The one thing I think is really different this time, though, is how weak and deflationary the rest of the world is. So, if you look outside the United States, China has had a very slow rate of growth, relative to its own recent history, and much of the world is growing very slowly. Also, commodity prices have gone down, so we haven't seen much inflation. All of this has made the Fed, I think, much more cautious than usual at this point in the cycle.
|Q:||What does that really mean from an outlook or investment-implication standpoint?|
HOFSCHIRE: I think the Federal Reserve would like to be able to keep raising rates and get back to a more normalized policy stance with higher interest rates.

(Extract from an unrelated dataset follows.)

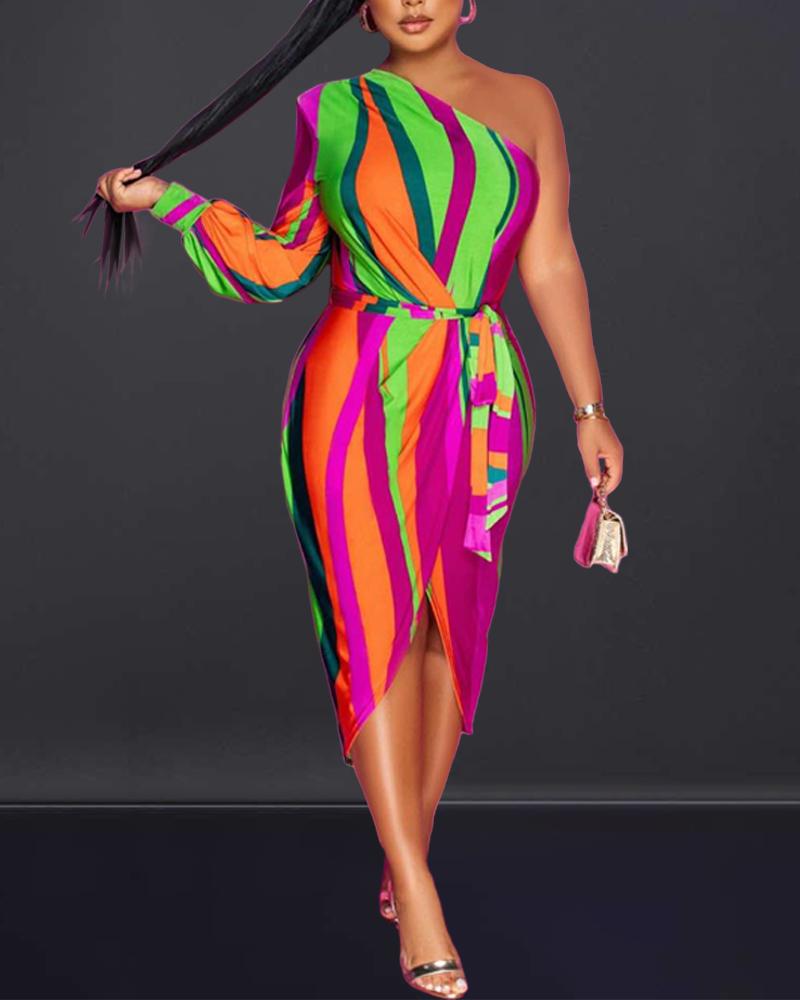 Style:Sexy Type:Straight Material:Polyester Neckline:One Shoulder Sleeve Style:Long Sleeve Length:Midi Pattern Type:Colorblock Decoration:Others Fit Type:Regular With Belt:Yes Occasion:Daily Package Include:1*Dress (With Belt) Fabric Elasticity:Slight Stretch Sheer:No Care Instructions:Machine wash or professional dry clean

When it looks around the world in places like Europe and Japan that have gone negative with their rates and used even more extraordinary policies, I think the early returns for markets, for investors, and even for economies are that there may be declining returns to those policies and some limits to what monetary policies, in and of themselves, can do.
The real question here is: Can the global economy withstand the Fed tightening cycle? I think we're going to get a glimpse of whether it can in the next few months. We could see another period of volatility like we've seen over the past year, but our base case is that the global economy is strong enough to muddle through it and that global stabilization should ultimately be relatively supportive for the equity markets and for asset prices in general.